Илья Туричин - Закон тридцатого. Люська

На нашем сайте KnigaRead.com Вы можете абсолютно бесплатно читать книгу онлайн Илья Туричин, "Закон тридцатого. Люська" бесплатно, без регистрации.
Перейти на страницу:

— И ничего смешного, — обиженно сказала Сима. — Они могли из него сделать скелет.

— Кто «они»?

— Ну, его враги.

— В каком же веке он, по-вашему, жил?

— В пятнадцатом! — выпалила Сима.

— Что ж, он неплохо сохранился для своих лет, — сказал Иван Васильевич и улыбнулся. Лицо его вдруг преобразилось, стало совсем мальчишечьим, белозубым и веселым. И весь девятый «в» улыбнулся в ответ. — Еще у кого какие есть предположения?

— Коротков Владимир… Скорее всего наш Иван Иванович был фашистом. Погиб в России. И из него сделали наглядное пособие.

Ребята загалдели.

— Сам ты фашист!

— Жиргут несчастный!

— Это ж надо додуматься!

— Дайте ему по шее!

— Сам дурак!

— Тихо! — густо сказал Иван Васильевич и, когда ребята успокоились, добавил: — Прежде всего вам надо научиться спорить. На глотку в споре никогда не возьмете. Драться надо не криком, а логикой. Бить фактами. И если чувствуете себя правым — отстаивать позицию до конца. Мне тоже не нравится эта гипотеза. Не нравится хотя бы потому, что неприятно иметь в классе скелет фашиста. Но опровергнуть ее мы с вами не имеем возможности. Нет фактов.

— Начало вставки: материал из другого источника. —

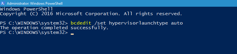 Next you need to make sure that Hypervisor is enabled and set to start automaticall when the machine boots up. Use bcdedit command to verify it and make sure that you are using an elevated command prompt for this otherwise you will get an Access Denied error.

— Веселов Арсений, — Плюха шмыгнул носом. — Я — против. Иван Иванович справедлив, и его все любят. Так какой же он фашист?

В классе поднялся невообразимый шум. Смеялись все: и Иван Васильевич, и сам Плюха, понявший, что сморозил глупость, и даже Иван Иванович, казалось, тихо посмеивается.

Дверь открылась, и в ней появился Петр Анисимович. Осмотрел подозрительно класс. Заметив его, ребята быстро начали стихать. Встали.

— Я шел мимо. Слышу — веселье!

— Мы немного пофантазировали насчет скелета, — объяснил Иван Васильевич улыбаясь.

— Гм… А я полагал, что у вас урок литературы, — Петр Анисимович повернулся и вышел, плотно прикрыв за собой дверь.

Наступила неловкая тишина. Иван Васильевич покраснел.

— Так на чем мы остановились?

— На скелете, — подсказал Плюха.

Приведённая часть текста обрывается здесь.